In December 2018, Maggie Wander and Marion Cadora organized and co-chaired a panel on “Intervening Archives of Oceania.” The panel featured presentations on innovative, trans-disciplinary, and trans-oceanic methods and theories working to center Pacific perspectives in the study of art and culture from Oceania. The aim of the panel was to show how interdisciplinary readings of the archive open up spaces and bridge gaps between disciplines in order to combat inequality in the academy when it comes to studying and “knowing” Oceania.

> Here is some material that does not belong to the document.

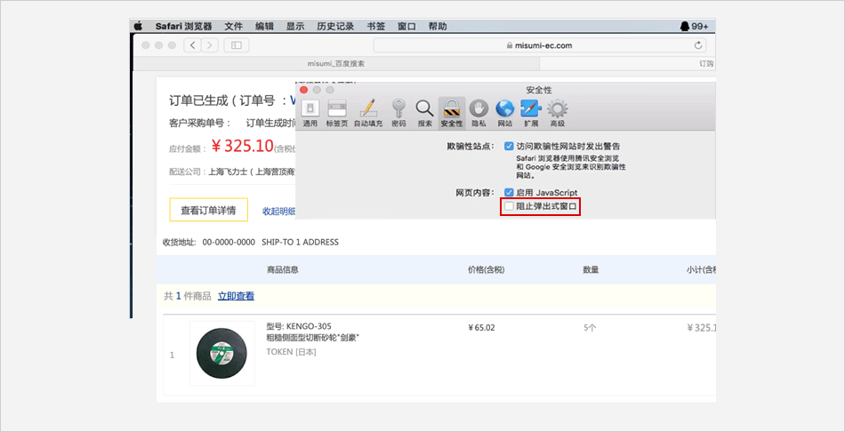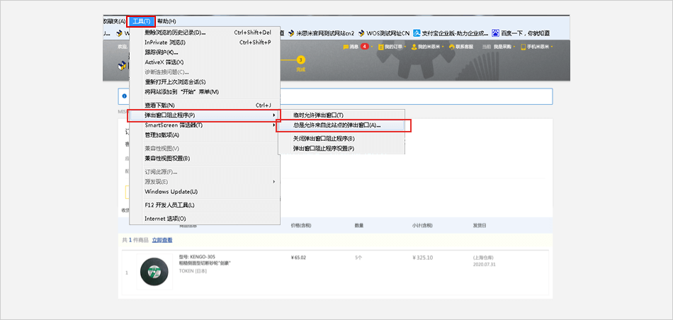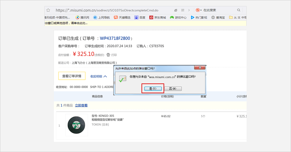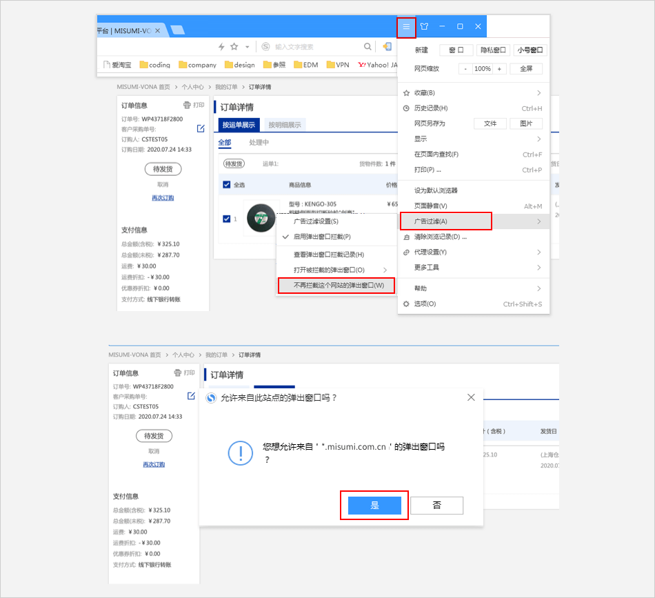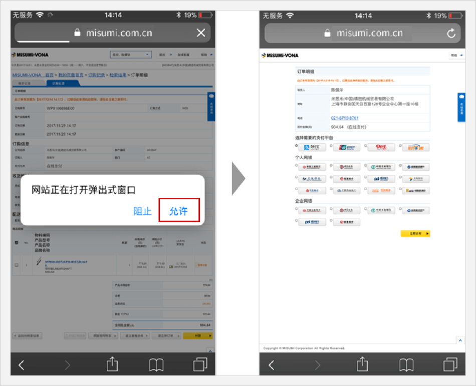 打開瀏覽器進(jìn)行訂購并付款 ? 頁面會(huì)出現(xiàn)彈窗提示 ? 點(diǎn)擊 【允許】 即可進(jìn)行付款。
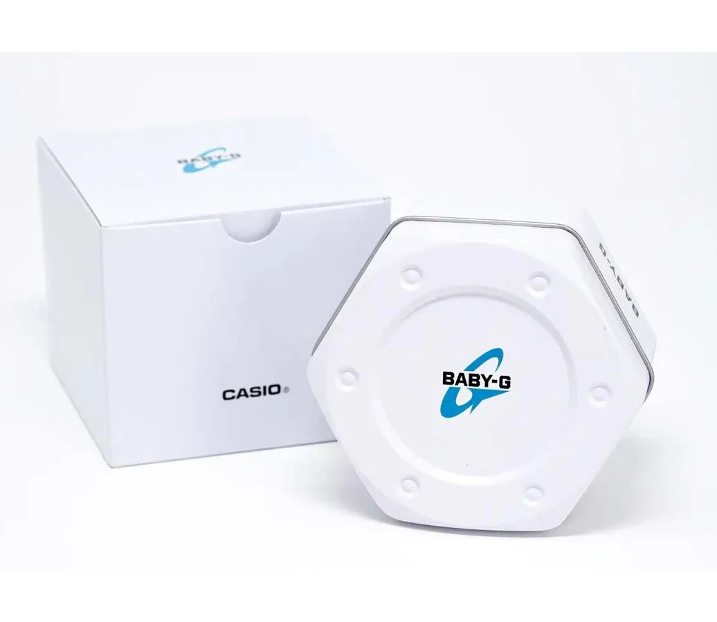 Спортивные женские часы Casio Baby-G. 12-ти и 24-х часовой формат отображения времени. Секундомер с шагом 1/100 сек. и временем измерения 1 час. Таймер обратного отсчета от 1 минуты до 24 часов. Мировое время 31 часовой пояс (48 городов + всемирное координированное время), отображение кода города, отображение названия города, включение/выключение перехода на летнее время, автоматическое переключение на летнее время (DST). 5 ежедневных будильников, ежечасный сигнал. Светодиодная подсветка, выбираемая продолжительность подсветки (1,5 или 3 секунды), послесвечение). Питание от батарейки CR1025, примерный срок работы 3 года. Задняя крышка из нержавеющей стали с креплением к корпусу на винтах. Ремешок с классической застежкой. Вес часов 33 грамма.

The panel was also structured to provide a platform for graduate students and emerging thinkers who are doing particularly innovative work on redefining the “archive.” Leora Kava discussed contemporary Pacific poetry as an archive of Islander solidarities and sovereignty. Sebastian T. Ellerich presented on his ethnographic study of stringband music in Vanuatu as an archive of political and social histories. Alice Proctor spoke about artist-led interventions in museum spaces as potential forms of decolonization. Eliorah Mallifae discussed Pacific film as a form of storytelling and providing an “infrastructure” for reframing how Pacific Islanders are represented on screen. Bianca Hennessey similarly challenged what counts as an “archive” by looking at the way Pacific Studies groups on Facebook serve as a form of archive by curating a set of resources that can disseminate knowledge in radical departures from nation-state and institutional boundaries. This is a small selection of the wide variety of papers presented in this rich and productive panel.